__Provided data__.

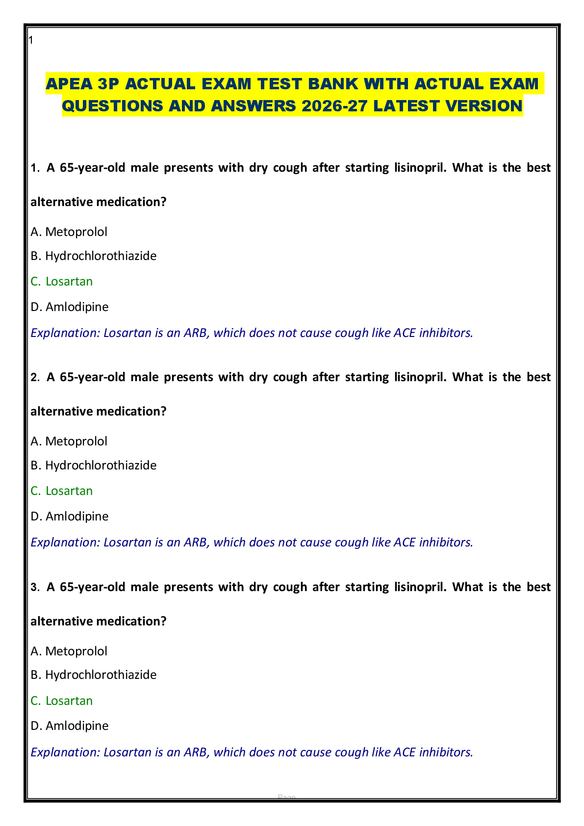 APEA > APEA CERTIFICATION > APEA 3P ACTUAL EXAM TEST BANK WITH ACTUAL EXAM QUESTIONS AND ANSWERS 2026-27 LATEST VERSION
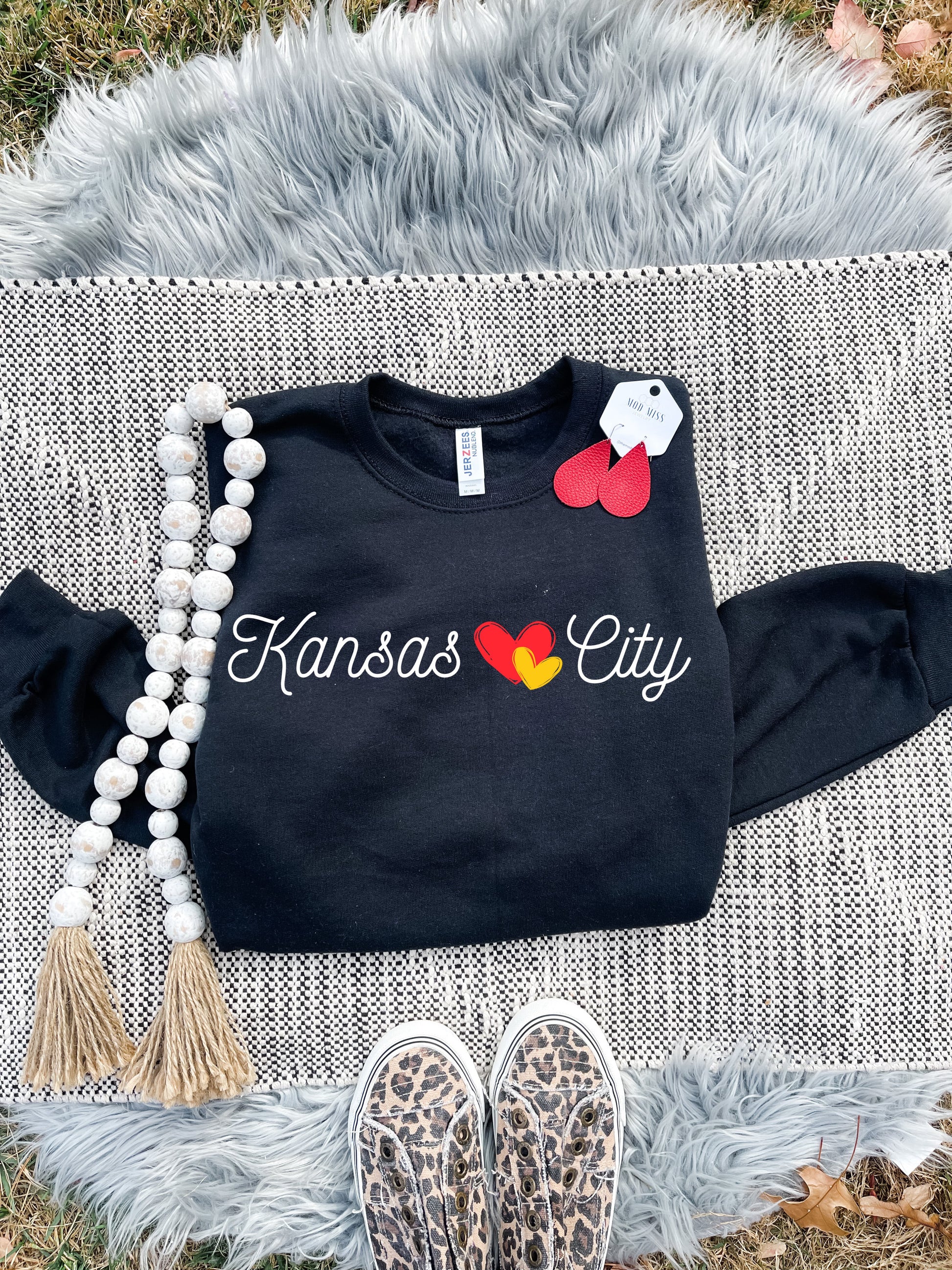 Skinny Script Kansas City Double Hearts Black Sweatshirt
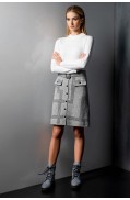 Юбка женская на подкладке. Верх обработан поясом. По переду имит. застежки и карманов с клапанами , украшен. кнопками пробивн. Низ юбки заработан.Длина юбки: 51 см.Состав: шерсть мериноса - 11%, вискоза - 47%, ПЭ - 20%, ПА - 22%; подкладка: ПЭ - 100%..
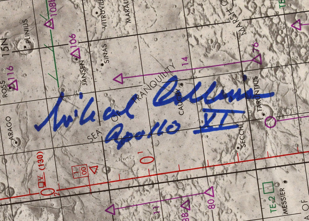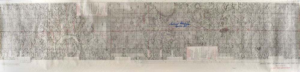 Color second edition of the Apollo 11 Target of Opportunity Flight Chart, 58.25 x 14, issued as SKB 32100097-301, dated June 26, 1969, signed in blue felt tip, "Michael Collins, Apollo XI." Lithographed by ACIC 7-69, and prepared under the direction of the Department of Defense by the Aeronautical Chart and Information Center. Rolled and in fine condition.
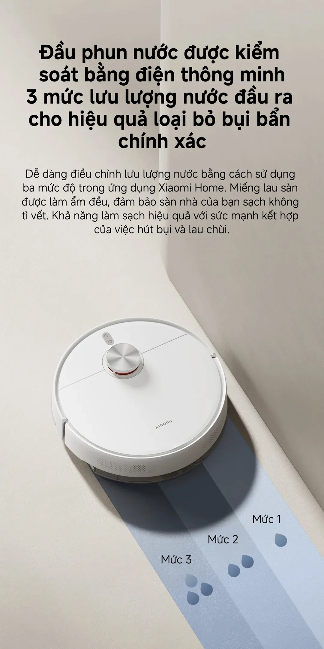 - Chế độ lau nhà tích hợp: Đầu phun nước được điều chỉnh 3 mức lưu lượng để làm sạch hiệu quả mà không để lại vết bẩn.
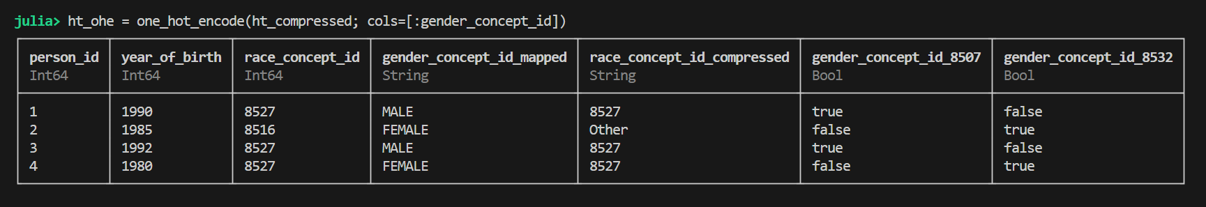 ht_ohe = one_hot_encode(ht_compressed; cols = [:gender_concept_id, :race_concept_id])
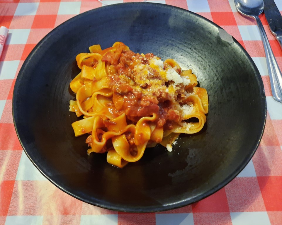 Mais voilà déjà que la machine s’emballe, dans la foulée suit une sélection d’antipasti, une grande assiette remplie de trésors culinaires que nous aurons du mal à terminer, alors qu’arrivent déjà les fameuses « polpette », une des spécialités du Chef Ivan. Nous poursuivons avec des Papardelle à l’Amatriciana, un plat traditionnel italien originaire de la ville d’Amatrice, située dans la région du Latium, près de Rome. Ce plat iconique aux origines humbles est un classique de la cuisine italienne, il est devenu un symbole de la cuisine romaine.
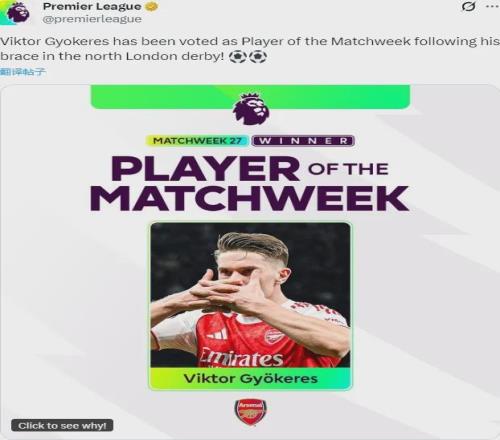 英超官方:哲凯赖什被票选为了英超上周最佳球员,这名前锋在北伦敦德比中完成了梅开二度。

__What you will do__. Starting at the first line of the data, set down each line exactly until you have copied the line with "Skinny Script Kansas", but leave the pictures out.

__Answer to this task__.
 APEA > APEA CERTIFICATION > APEA 3P ACTUAL EXAM TEST BANK WITH ACTUAL EXAM QUESTIONS AND ANSWERS 2026-27 LATEST VERSION
 Skinny Script Kansas City Double Hearts Black Sweatshirt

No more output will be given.